I started downregging (has to be medicated as strange periods!!)2 weeks ago and go for 1st blood test on monday to see if fully downregged for HRT.  No sign of AF though so will probably have to stay on buserlin and no hormones for little while longer.

Fingers crossed and positive thoughts    that 3 my snowbabies make it.  Good to have a home again.

talk soon

amanda x

Baby dust to all


----------



## Wicklow (May 13, 2006)

Hi all, nobody seems to have posted here for a bit!
Transfer is now tomorrow tuesday as they want to take my remaining embryos to day 6! There are 8 viable embryos with 4 making progress. I hope they know what they are doing! Another sleepless night ahead!
Ruth


----------



## Jasminey (Mar 30, 2006)

Hi Ruth -

Wishing you all the very best of luck for tomorrow!

Best wishes

Jasminey


----------



## 3isacharm (Sep 26, 2003)

Ruth, the best of luck to you tomorrow?  How many will you have transfered back?  Your wait will be quite short as they will be 6 day transfer.  Lots of    and stickies to you.
Sarah, being non-symptomatic means nothing and the bleeding could have also been from implantation so try and stay positive.  I know it is sooo hard.
Jasminey, Goldy, Michelle Collymags, RSMUM hope all is going great and that the nausea is long gone and can now enjoy the pregnancy.
Niki, I am so sorry about your BFN, please let yourself go through proper mourning.  I promise you'll be that much stronger for the next time having gone through it.
We are doing well.  Little beanie is hanging in there.  We are now 14w tomorrow.  I am still afraid to talk about it but feeling some excitement too.  When did you start showing.  I think I am just eating too much, my belly is sticking out and a few people have dared to ask at the pool.  Not like I care about the belly but just don't think it happened so fast last time.
Anyway, gotta go.  I am actually setting up my first new account so got to get back to work.
Lots of love
Virginia


----------



## jules32_uk (Jun 7, 2006)

Hi Everyone

I'm Jules, just joing you from another thread as FET is something I now need to look at.  I'm totall devastated at the moment.  I tested positive last week and then on Sunday, I lost it.  I had 4 days of positive results and then on Sunday had one HPT left, so thought I would see how much stronger it was and then BANG - not pregnant.  I bought some more tests and they all came up negative.  The clinic said I must have had a chemical pregnancy and it would have implanted but stopped growing, so they class it as a very early miscarriage.  I feel my world has fallen apart because you can get so excited in just 4 days.

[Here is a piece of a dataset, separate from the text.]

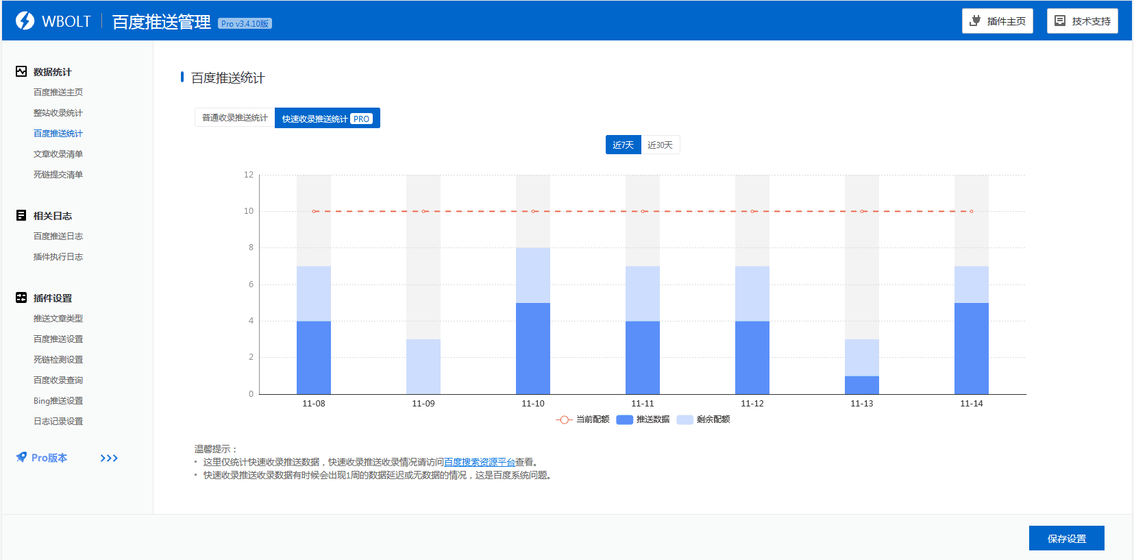 百度推送统计-支持快速查看百度搜索资源平台普通收录及快速收录推送最近7天&30天的推送数据走势。
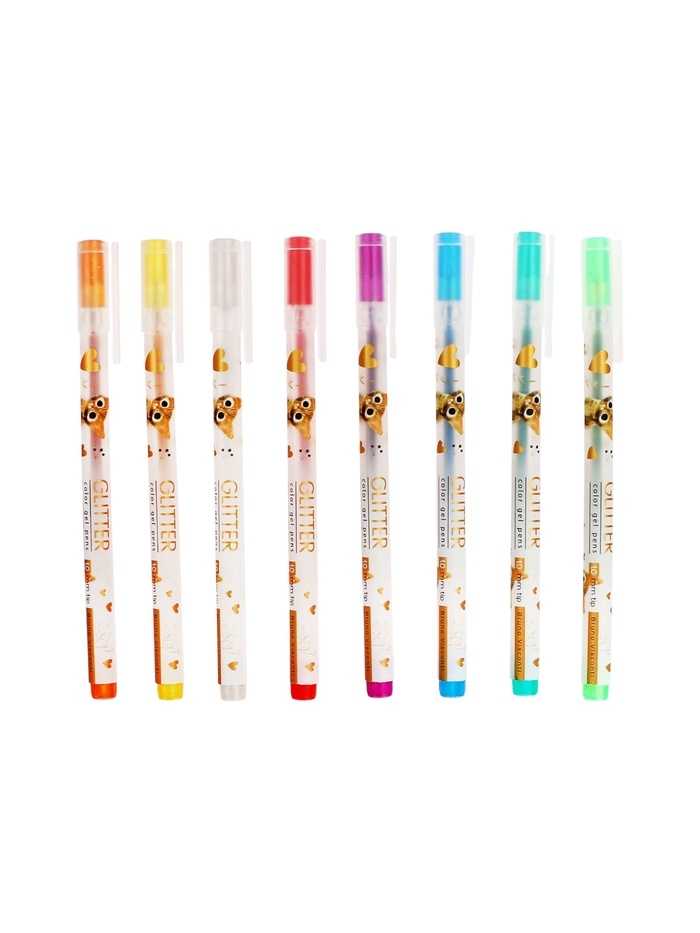 Набор гелевых ручек 8цв GLITTER. LOVE ME. Милый котик, 1.0мм, с блестками

Does anyone know how long I have to wait now before I can use the frozen ones.  I have been given a follow up appt for 18 September.  Does anyone know if there is a waiting period?  Do most clinics wait until blastocyst stage because I think I would like to do this next time.

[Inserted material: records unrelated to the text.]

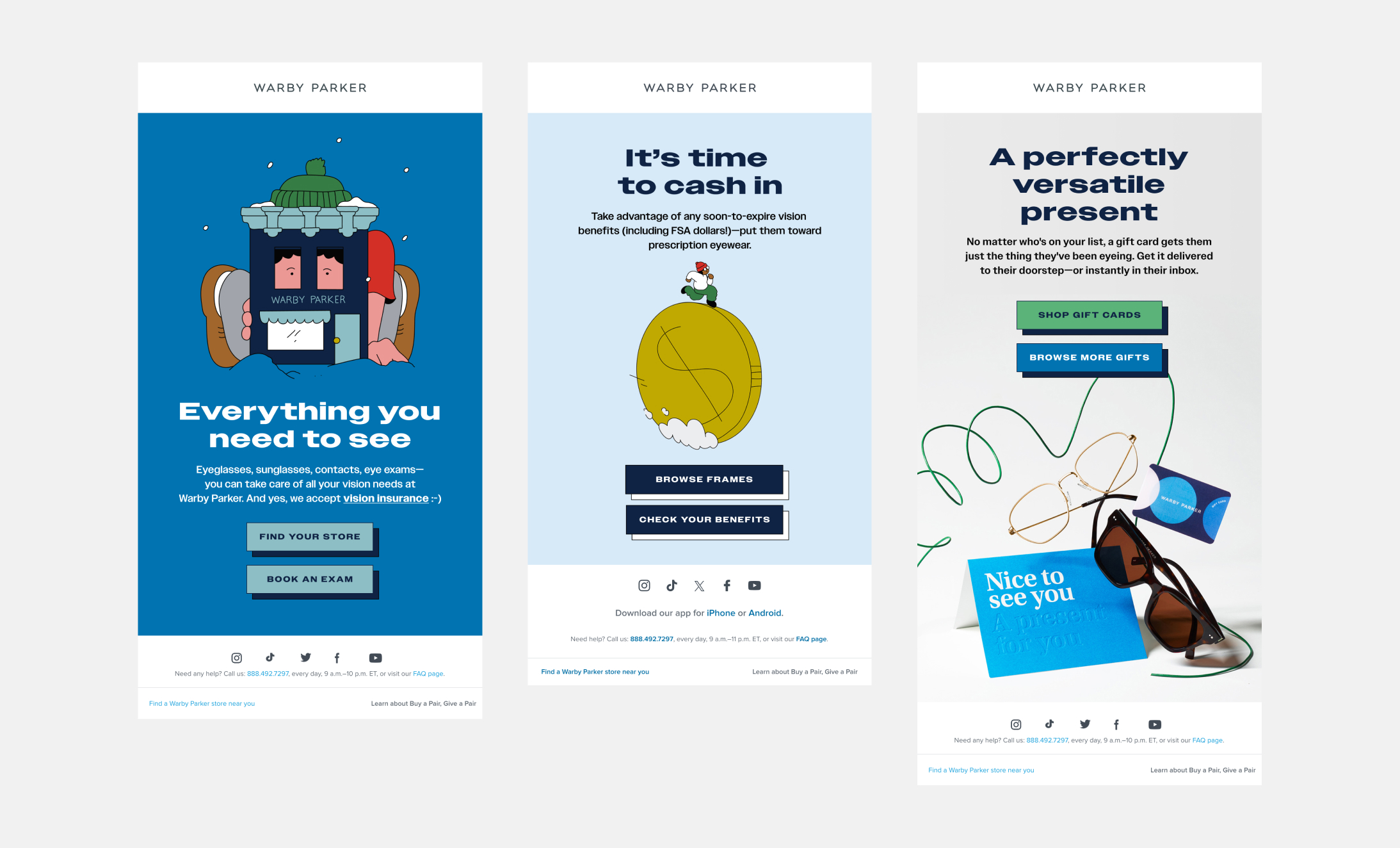 Various holiday emails featuring campaign photography and illustration. Holiday illustrations by Igor Bastidas.
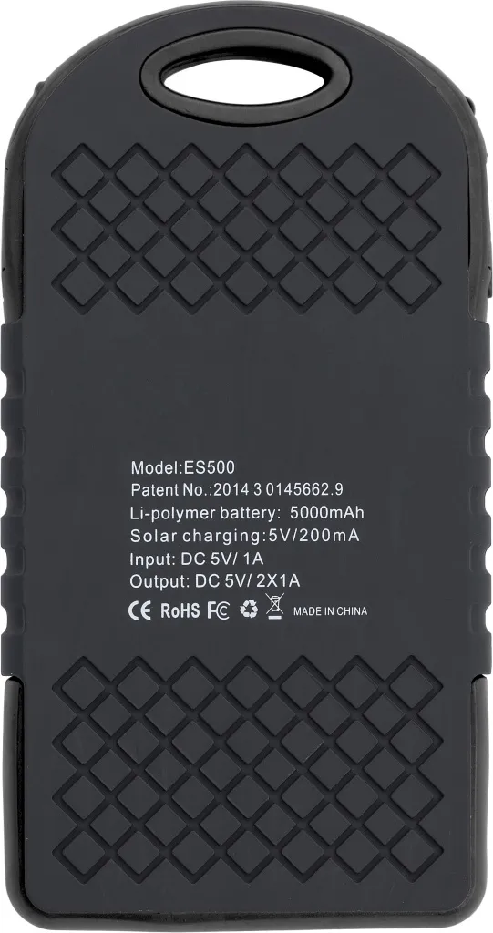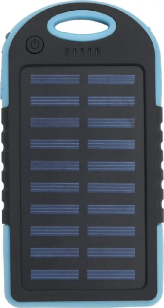 Gumirani ABS solarni powerbank sa zelenim indikatorima i svjetiljkom sa strane. Ima dva USB priključka i jedan Micro USB priključak. Solarno punjenje: 5V/200mA. Ulaz DC 5V/1A. Izlaz DC 5V/2x1A. Kapacitet: 4.000 mAh. Uključuje USB kabel.
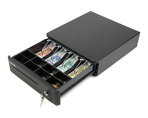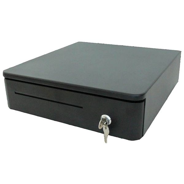 Горизонтальный металлический денежный ящик с 3-позиционным замком и обратной связью.
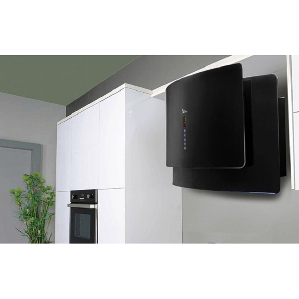 ویژگی بارز این هود، طراحی مورب (زاویهدار) و منحنی آن است. نصب مورب بر روی دیوار، نه تنها ظاهری پویا و مدرن به آشپزخانه میبخشد، بلکه زاویه مناسبتری برای جذب مستقیمتر بخارات و دود از روی اجاق گاز ایجاد میکند. انحنای نرم شیشه مشکی سکوریت، علاوه بر مقاومت در برابر حرارت و شوک، خطوطی سیال و جذاب خلق میکند که به راحتی با یک دستمال مرطوب تمیز میشود. عرض ۶۰ سانتیمتری آن نیز انتخابی ایدهآل برای اجاقگازهای کوچکتر یا فضاهای محدود دیوار است.

I haven't yet come on yet either, so I want to, to give me closure of this cycle.  

Good luck to anyone who is having this done soon and I hope to make some friends on this thread soon.

Jules x


----------



## Jasminey (Mar 30, 2006)

Hi Virginia -

Great to hear from you I was starting to get worried that I was the only one left - haven't heard from Goldy, Collymags, Kitty or Michelle for ages??  Great to hear your little beanie is hanging on in there I think now you can start to relax and enjoy your pregnancy (easier said than done I know)!  All is well with me thankfully we have the scan pictures or our little two on the wall next to the computer and even though I'm nearly 18 weeks now I still don't think it has properly sank in!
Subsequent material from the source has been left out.